El Producto Interno Bruto tardará años en recuperarse,
sí, pero terminará por hacerlo antes que los ingresos laborales, con todo lo
que eso significa en términos de desigualdad y distribución.
En estas líneas apenas he rozado algunos de los temas
que trata este Balance Temprano, que pinta unos pocos avances (como el
aumento a los salarios mínimos reales) y muchos retrocesos, a partir del
conservadurismo fiscal, la centralización personalista del poder, los severos
retrocesos en materia ecológica, el ataque a la ciencia y la oscurantista
calificación política del conocimiento, el papel creciente de las Fuerzas
Armadas, los embates al laicismo y un concepto del Estado que está muy alejado
de la idea del bienestar social, que suele manejar la izquierda democrática.

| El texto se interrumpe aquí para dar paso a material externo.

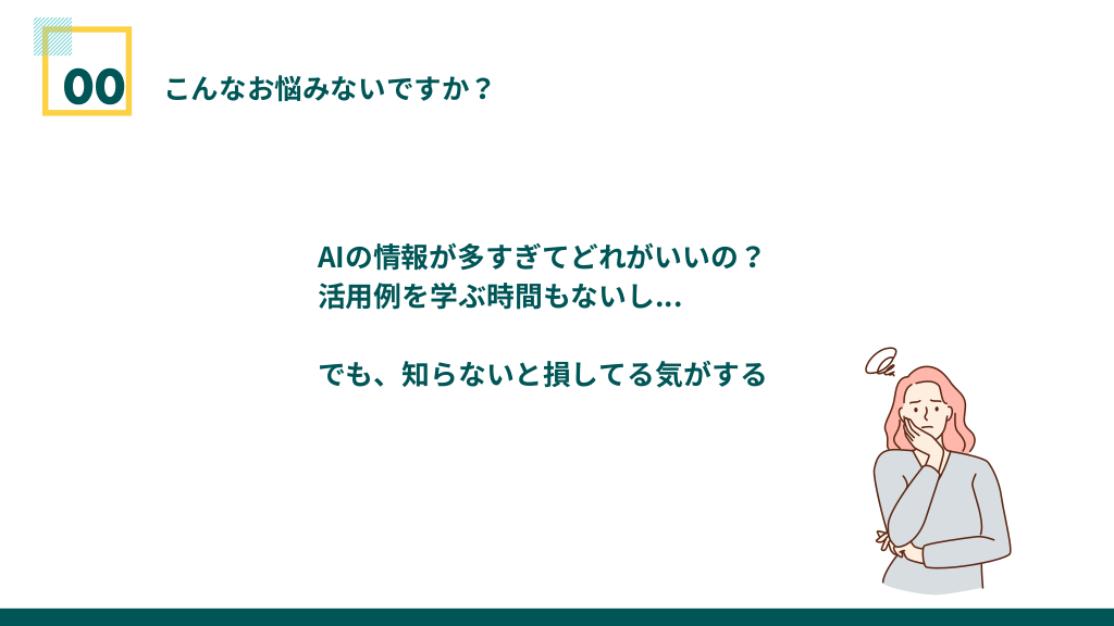 #2. 00 こんなお悩みないですか? AIの情報が多すぎてどれがいいの? 活用例を学ぶ時間もないし... でも、知らないと損してる気がする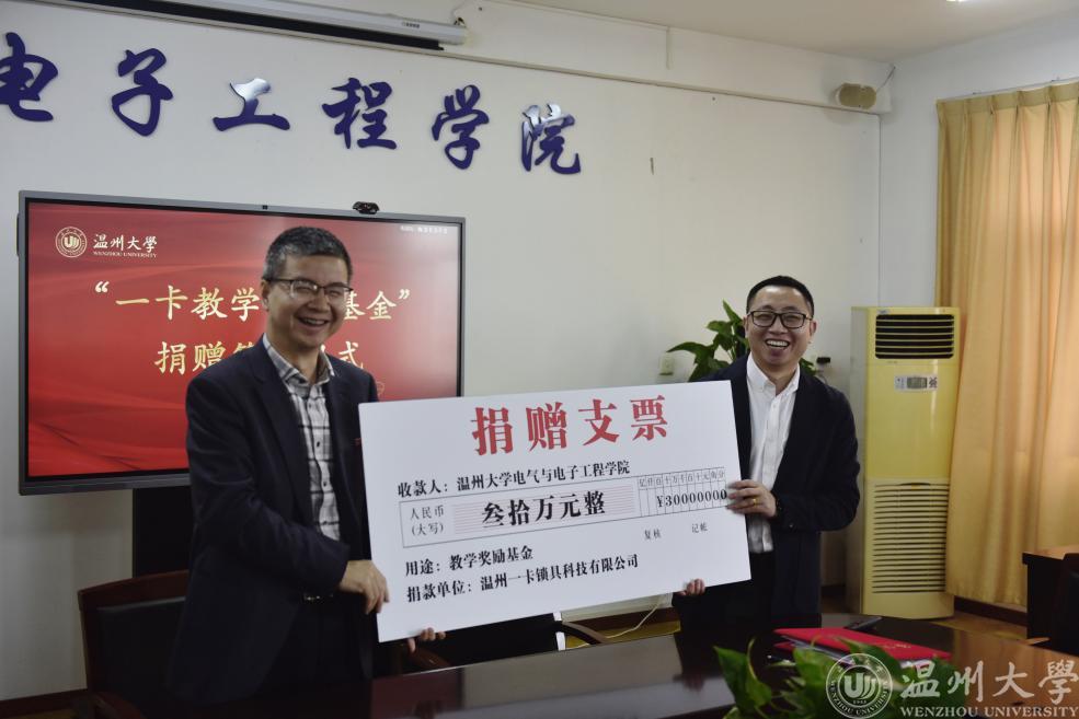 4月12日,少妇白洁 与温州一卡锁具科技有限公司签订合作协议,同时企业向学校捐赠设立“一卡教学奖励基金”。根据协议,温州一卡锁具科技有限公司向学校无偿捐资30万元人民币,在该校电气与电子工程学院设立“一卡教学奖励基金”。

Al
final de la lectura, no resulta para nada descabellado colocar a AMLO en una
suerte de derecha populista.
El libro da para más. Y debería ser el primer paso para
abundar en alternativas. No estaría mal, por otra parte, que hubiera balances
similares al gobierno de López Obrador desde la derecha liberal y desde la
izquierda radical. Se podría generar un debate nacional interesante. Y no sé,
quizá, tal vez, haría que alguien, desde las posiciones cercanas al gobierno,
pudiera responder con algo más que píldoras de propaganda.